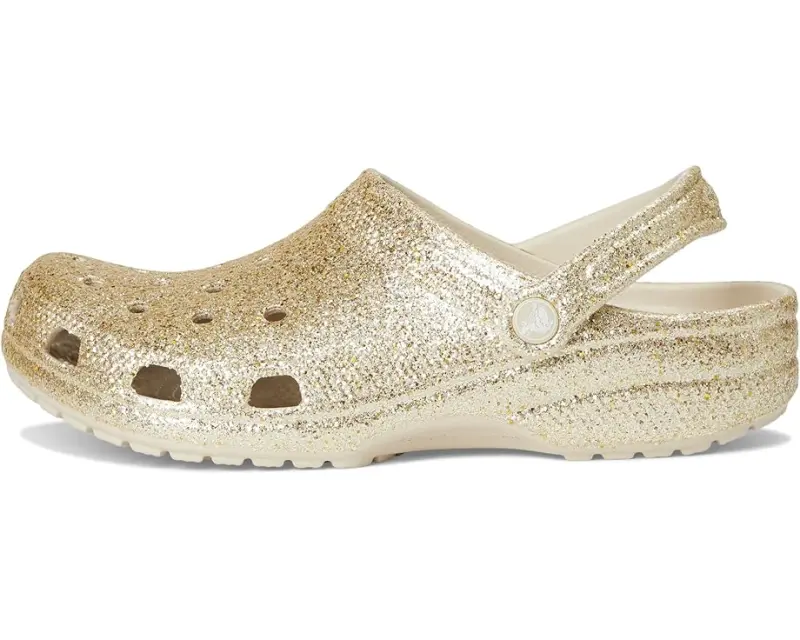 • Let the fun begin in the Crocs® Classic Clog – Glitter. Croslite™ uppers are available in a variety of colors in patterns in a slip-on design with an adjustable heel strap and ventilation ports for breathability.
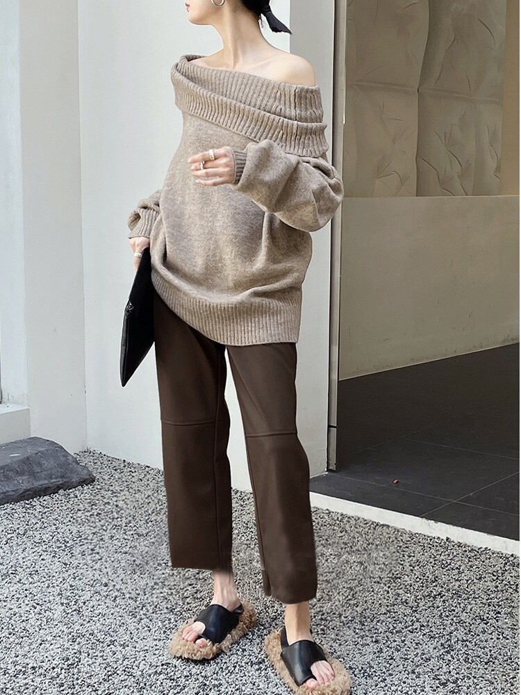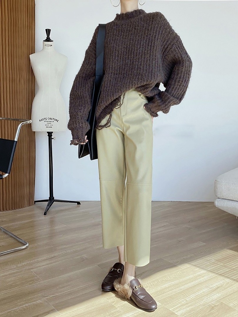 促销 宽松高腰通勤简约女休闲裤 柔软绵羊皮皮裤 新款 真皮皮裤 特价
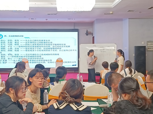 培訓(xùn)邀請了國家二級(jí)心理咨詢師鄭建明與傅虹蘋前來授課。鄭建明老師講授繪畫心理學(xué),這是一種互動(dòng)性、體驗(yàn)性及對人群的聯(lián)結(jié)性更加凸顯的教學(xué)方式。通過實(shí)際案例,深入淺出地闡釋了繪畫心理學(xué)的基本理論及在咨詢過程中的應(yīng)用,相較于傳統(tǒng)課堂對抽象理論知識(shí)的講授與學(xué)習(xí),繪畫心理學(xué)更注重回歸到每個(gè)人的真實(shí)體驗(yàn)。傅虹蘋老師介紹認(rèn)知行為療法,通過通俗易懂的語句和例子相結(jié)合,讓學(xué)員們更好地察覺自我,在感知、思考、行動(dòng)的時(shí)候能準(zhǔn)確地發(fā)現(xiàn)自我。課堂上,學(xué)員們積極配合老師,并提出所遇到的困惑和問題,老師耐心詳盡解答。
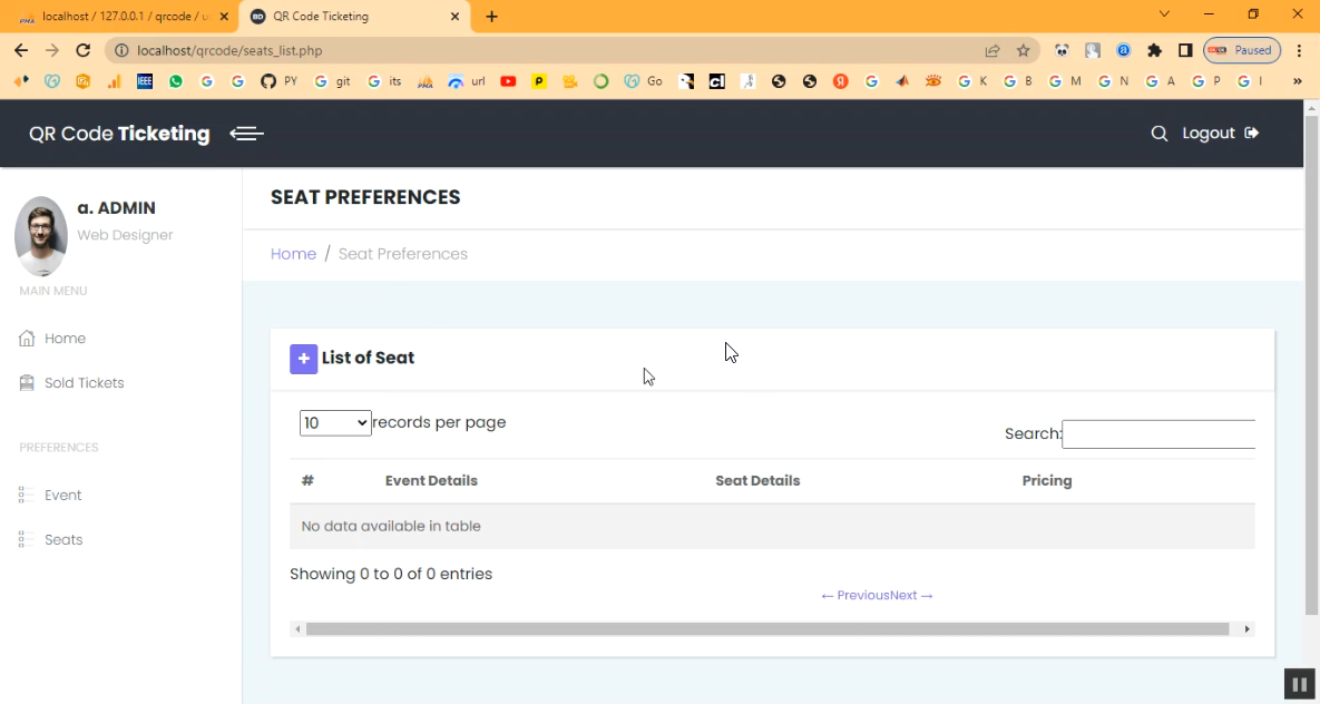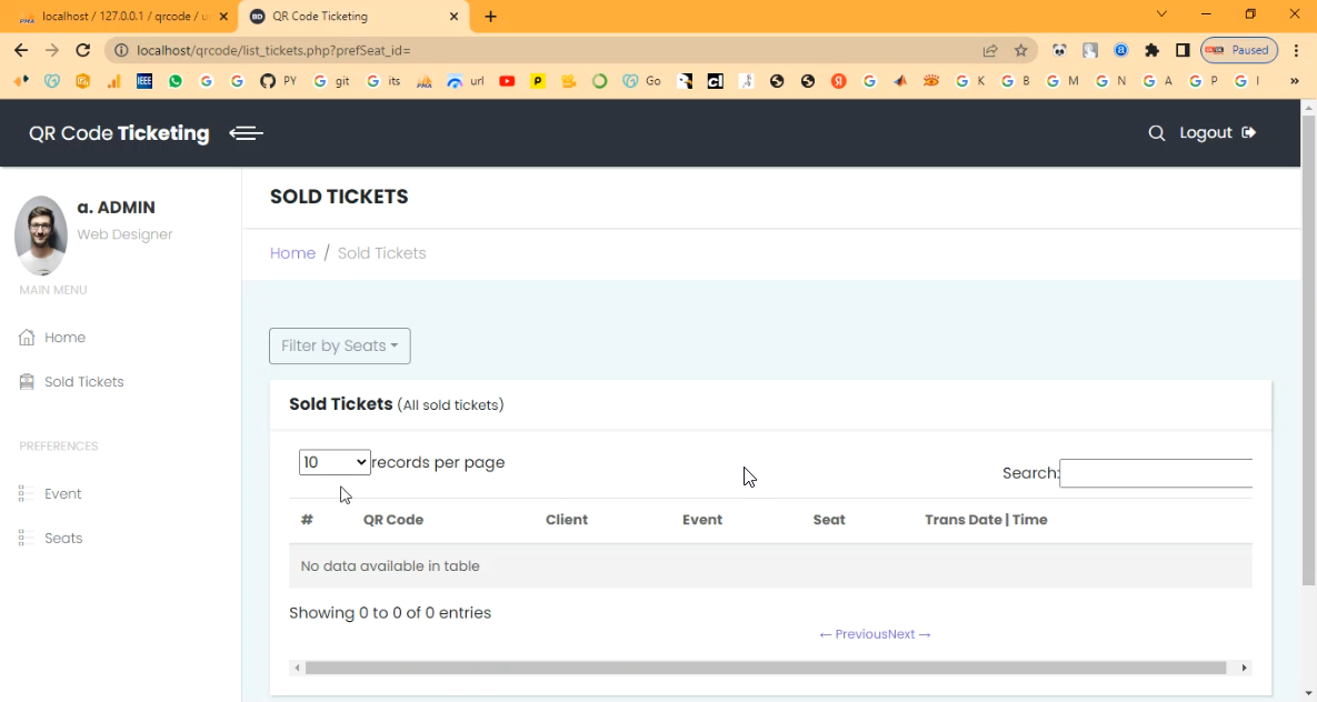The QR Code Ticketing System is a PHP–MySQL based web application designed to automate ticket generation, verification, and management using QR codes. It enables administrators or event organizers to create events, sell tickets online, and generate a unique QR code for each ticket. Customers can book tickets through the website, download or receive their QR code tickets via email, and present them at the venue for scanning. Staff can validate tickets instantly by scanning the QR code, which improves speed, reduces fraud, and enhances user experience.

= WHAT YOU WILL DO =
What lines above run from the one with "促销 宽松高腰通勤简约女休闲裤 柔软绵羊皮皮裤 新款 真皮皮裤 特价" to the one with "培訓(xùn)邀請了國家二級"? Give them again exactly, ends included, and leave the pictures out.

= RESULT FOR THIS TASK =
 促销 宽松高腰通勤简约女休闲裤 柔软绵羊皮皮裤 新款 真皮皮裤 特价
 培訓(xùn)邀請了國家二級(jí)心理咨詢師鄭建明與傅虹蘋前來授課。鄭建明老師講授繪畫心理學(xué),這是一種互動(dòng)性、體驗(yàn)性及對人群的聯(lián)結(jié)性更加凸顯的教學(xué)方式。通過實(shí)際案例,深入淺出地闡釋了繪畫心理學(xué)的基本理論及在咨詢過程中的應(yīng)用,相較于傳統(tǒng)課堂對抽象理論知識(shí)的講授與學(xué)習(xí),繪畫心理學(xué)更注重回歸到每個(gè)人的真實(shí)體驗(yàn)。傅虹蘋老師介紹認(rèn)知行為療法,通過通俗易懂的語句和例子相結(jié)合,讓學(xué)員們更好地察覺自我,在感知、思考、行動(dòng)的時(shí)候能準(zhǔn)確地發(fā)現(xiàn)自我。課堂上,學(xué)員們積極配合老師,并提出所遇到的困惑和問題,老師耐心詳盡解答。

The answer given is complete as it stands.